Would you return the data below exactly as it stands, with every picture left out?

___ DATA SECTION

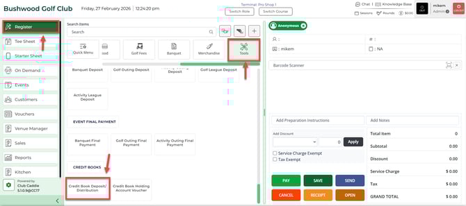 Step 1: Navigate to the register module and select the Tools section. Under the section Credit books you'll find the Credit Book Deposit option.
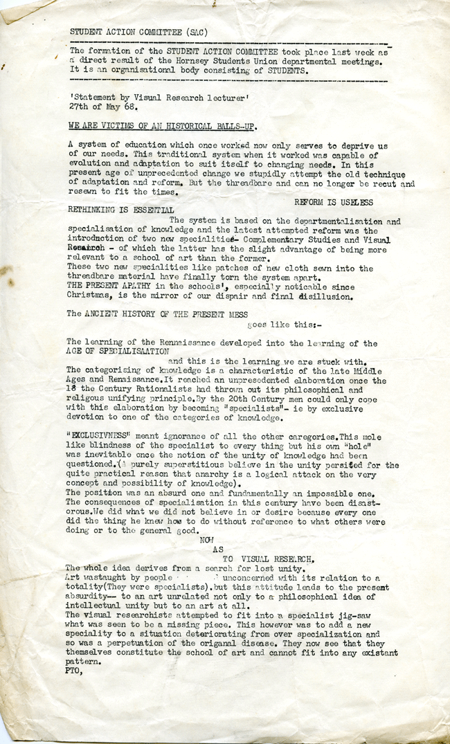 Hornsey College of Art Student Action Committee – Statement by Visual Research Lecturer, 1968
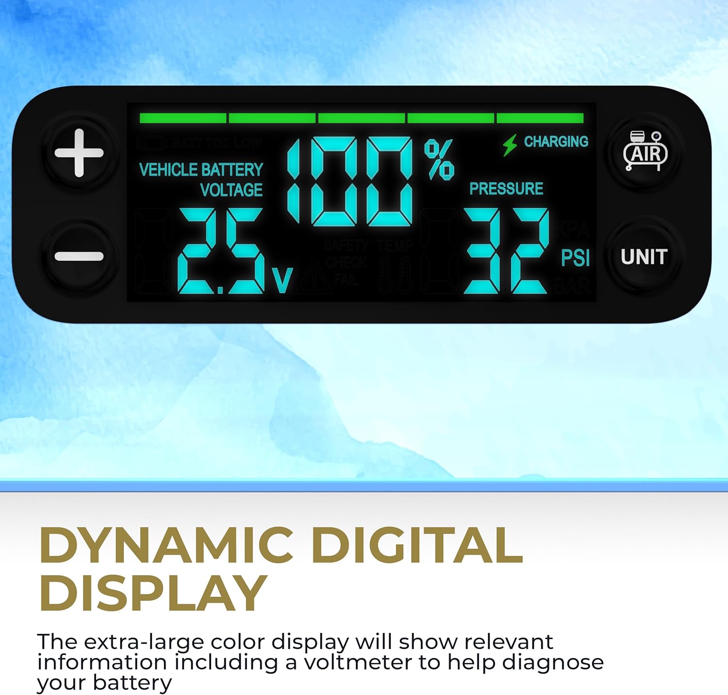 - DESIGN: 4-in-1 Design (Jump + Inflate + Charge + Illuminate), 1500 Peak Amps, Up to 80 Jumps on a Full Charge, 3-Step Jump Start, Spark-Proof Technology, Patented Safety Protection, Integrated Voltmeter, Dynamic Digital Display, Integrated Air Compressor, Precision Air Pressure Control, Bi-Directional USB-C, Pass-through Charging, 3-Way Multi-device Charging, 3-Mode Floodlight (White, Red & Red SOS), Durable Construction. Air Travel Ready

______

▶ **TASK RESULT**
 Step 1: Navigate to the register module and select the Tools section. Under the section Credit books you'll find the Credit Book Deposit option.
 Hornsey College of Art Student Action Committee – Statement by Visual Research Lecturer, 1968
 - DESIGN: 4-in-1 Design (Jump + Inflate + Charge + Illuminate), 1500 Peak Amps, Up to 80 Jumps on a Full Charge, 3-Step Jump Start, Spark-Proof Technology, Patented Safety Protection, Integrated Voltmeter, Dynamic Digital Display, Integrated Air Compressor, Precision Air Pressure Control, Bi-Directional USB-C, Pass-through Charging, 3-Way Multi-device Charging, 3-Mode Floodlight (White, Red & Red SOS), Durable Construction. Air Travel Ready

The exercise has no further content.